Task to complete -
The job is to output each record again, character for character.

Dataset extract -
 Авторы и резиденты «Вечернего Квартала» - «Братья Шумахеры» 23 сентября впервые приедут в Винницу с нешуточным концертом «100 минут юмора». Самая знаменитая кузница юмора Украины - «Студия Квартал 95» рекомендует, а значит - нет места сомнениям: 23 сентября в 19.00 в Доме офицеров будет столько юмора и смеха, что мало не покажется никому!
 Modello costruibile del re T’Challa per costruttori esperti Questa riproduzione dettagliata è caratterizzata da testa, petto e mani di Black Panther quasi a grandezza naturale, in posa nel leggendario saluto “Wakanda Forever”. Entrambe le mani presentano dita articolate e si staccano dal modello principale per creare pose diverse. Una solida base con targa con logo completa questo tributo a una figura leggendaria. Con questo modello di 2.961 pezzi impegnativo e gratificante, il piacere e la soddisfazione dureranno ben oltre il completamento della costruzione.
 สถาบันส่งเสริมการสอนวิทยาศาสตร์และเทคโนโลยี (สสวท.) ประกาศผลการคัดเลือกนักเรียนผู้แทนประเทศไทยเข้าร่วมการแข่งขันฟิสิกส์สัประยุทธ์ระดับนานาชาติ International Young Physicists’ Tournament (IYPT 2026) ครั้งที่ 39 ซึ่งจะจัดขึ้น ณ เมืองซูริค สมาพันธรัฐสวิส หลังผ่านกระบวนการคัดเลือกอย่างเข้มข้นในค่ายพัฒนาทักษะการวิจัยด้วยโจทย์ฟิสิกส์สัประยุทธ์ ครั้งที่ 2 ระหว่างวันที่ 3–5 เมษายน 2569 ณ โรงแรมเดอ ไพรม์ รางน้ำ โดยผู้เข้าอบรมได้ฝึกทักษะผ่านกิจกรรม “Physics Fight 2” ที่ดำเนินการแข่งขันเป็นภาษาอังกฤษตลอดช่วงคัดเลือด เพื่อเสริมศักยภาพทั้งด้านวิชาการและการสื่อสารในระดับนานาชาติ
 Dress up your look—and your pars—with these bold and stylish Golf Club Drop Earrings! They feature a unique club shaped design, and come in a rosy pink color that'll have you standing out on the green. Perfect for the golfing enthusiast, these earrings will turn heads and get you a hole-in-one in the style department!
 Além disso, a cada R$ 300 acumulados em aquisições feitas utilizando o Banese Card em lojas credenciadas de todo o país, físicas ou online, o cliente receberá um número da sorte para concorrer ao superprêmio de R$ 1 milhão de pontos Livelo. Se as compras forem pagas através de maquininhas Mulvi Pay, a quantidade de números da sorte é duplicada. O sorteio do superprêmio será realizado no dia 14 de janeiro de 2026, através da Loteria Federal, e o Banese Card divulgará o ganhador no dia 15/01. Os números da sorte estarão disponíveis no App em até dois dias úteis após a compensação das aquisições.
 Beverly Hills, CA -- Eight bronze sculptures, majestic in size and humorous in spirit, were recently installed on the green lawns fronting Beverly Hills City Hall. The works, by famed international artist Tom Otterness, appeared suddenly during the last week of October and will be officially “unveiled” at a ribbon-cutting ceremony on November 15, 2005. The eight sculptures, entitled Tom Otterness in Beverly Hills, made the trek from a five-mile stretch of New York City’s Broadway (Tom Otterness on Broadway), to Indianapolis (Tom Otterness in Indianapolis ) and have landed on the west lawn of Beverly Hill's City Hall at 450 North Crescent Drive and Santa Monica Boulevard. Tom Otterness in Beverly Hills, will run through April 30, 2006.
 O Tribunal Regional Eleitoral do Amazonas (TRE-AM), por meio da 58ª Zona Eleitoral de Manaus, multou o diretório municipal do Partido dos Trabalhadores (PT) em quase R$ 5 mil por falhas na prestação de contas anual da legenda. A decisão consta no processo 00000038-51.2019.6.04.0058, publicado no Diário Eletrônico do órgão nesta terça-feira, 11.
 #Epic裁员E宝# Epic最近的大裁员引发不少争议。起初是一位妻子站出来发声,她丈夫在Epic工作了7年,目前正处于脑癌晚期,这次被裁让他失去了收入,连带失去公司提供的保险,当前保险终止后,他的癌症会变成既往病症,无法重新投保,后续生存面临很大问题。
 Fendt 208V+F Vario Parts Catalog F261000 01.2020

Solved problem -
 Авторы и резиденты «Вечернего Квартала» - «Братья Шумахеры» 23 сентября впервые приедут в Винницу с нешуточным концертом «100 минут юмора». Самая знаменитая кузница юмора Украины - «Студия Квартал 95» рекомендует, а значит - нет места сомнениям: 23 сентября в 19.00 в Доме офицеров будет столько юмора и смеха, что мало не покажется никому!
 Modello costruibile del re T’Challa per costruttori esperti Questa riproduzione dettagliata è caratterizzata da testa, petto e mani di Black Panther quasi a grandezza naturale, in posa nel leggendario saluto “Wakanda Forever”. Entrambe le mani presentano dita articolate e si staccano dal modello principale per creare pose diverse. Una solida base con targa con logo completa questo tributo a una figura leggendaria. Con questo modello di 2.961 pezzi impegnativo e gratificante, il piacere e la soddisfazione dureranno ben oltre il completamento della costruzione.
 สถาบันส่งเสริมการสอนวิทยาศาสตร์และเทคโนโลยี (สสวท.) ประกาศผลการคัดเลือกนักเรียนผู้แทนประเทศไทยเข้าร่วมการแข่งขันฟิสิกส์สัประยุทธ์ระดับนานาชาติ International Young Physicists’ Tournament (IYPT 2026) ครั้งที่ 39 ซึ่งจะจัดขึ้น ณ เมืองซูริค สมาพันธรัฐสวิส หลังผ่านกระบวนการคัดเลือกอย่างเข้มข้นในค่ายพัฒนาทักษะการวิจัยด้วยโจทย์ฟิสิกส์สัประยุทธ์ ครั้งที่ 2 ระหว่างวันที่ 3–5 เมษายน 2569 ณ โรงแรมเดอ ไพรม์ รางน้ำ โดยผู้เข้าอบรมได้ฝึกทักษะผ่านกิจกรรม “Physics Fight 2” ที่ดำเนินการแข่งขันเป็นภาษาอังกฤษตลอดช่วงคัดเลือด เพื่อเสริมศักยภาพทั้งด้านวิชาการและการสื่อสารในระดับนานาชาติ
 Dress up your look—and your pars—with these bold and stylish Golf Club Drop Earrings! They feature a unique club shaped design, and come in a rosy pink color that'll have you standing out on the green. Perfect for the golfing enthusiast, these earrings will turn heads and get you a hole-in-one in the style department!
 Além disso, a cada R$ 300 acumulados em aquisições feitas utilizando o Banese Card em lojas credenciadas de todo o país, físicas ou online, o cliente receberá um número da sorte para concorrer ao superprêmio de R$ 1 milhão de pontos Livelo. Se as compras forem pagas através de maquininhas Mulvi Pay, a quantidade de números da sorte é duplicada. O sorteio do superprêmio será realizado no dia 14 de janeiro de 2026, através da Loteria Federal, e o Banese Card divulgará o ganhador no dia 15/01. Os números da sorte estarão disponíveis no App em até dois dias úteis após a compensação das aquisições.
 Beverly Hills, CA -- Eight bronze sculptures, majestic in size and humorous in spirit, were recently installed on the green lawns fronting Beverly Hills City Hall. The works, by famed international artist Tom Otterness, appeared suddenly during the last week of October and will be officially “unveiled” at a ribbon-cutting ceremony on November 15, 2005. The eight sculptures, entitled Tom Otterness in Beverly Hills, made the trek from a five-mile stretch of New York City’s Broadway (Tom Otterness on Broadway), to Indianapolis (Tom Otterness in Indianapolis ) and have landed on the west lawn of Beverly Hill's City Hall at 450 North Crescent Drive and Santa Monica Boulevard. Tom Otterness in Beverly Hills, will run through April 30, 2006.
 O Tribunal Regional Eleitoral do Amazonas (TRE-AM), por meio da 58ª Zona Eleitoral de Manaus, multou o diretório municipal do Partido dos Trabalhadores (PT) em quase R$ 5 mil por falhas na prestação de contas anual da legenda. A decisão consta no processo 00000038-51.2019.6.04.0058, publicado no Diário Eletrônico do órgão nesta terça-feira, 11.
 #Epic裁员E宝# Epic最近的大裁员引发不少争议。起初是一位妻子站出来发声,她丈夫在Epic工作了7年,目前正处于脑癌晚期,这次被裁让他失去了收入,连带失去公司提供的保险,当前保险终止后,他的癌症会变成既往病症,无法重新投保,后续生存面临很大问题。
 Fendt 208V+F Vario Parts Catalog F261000 01.2020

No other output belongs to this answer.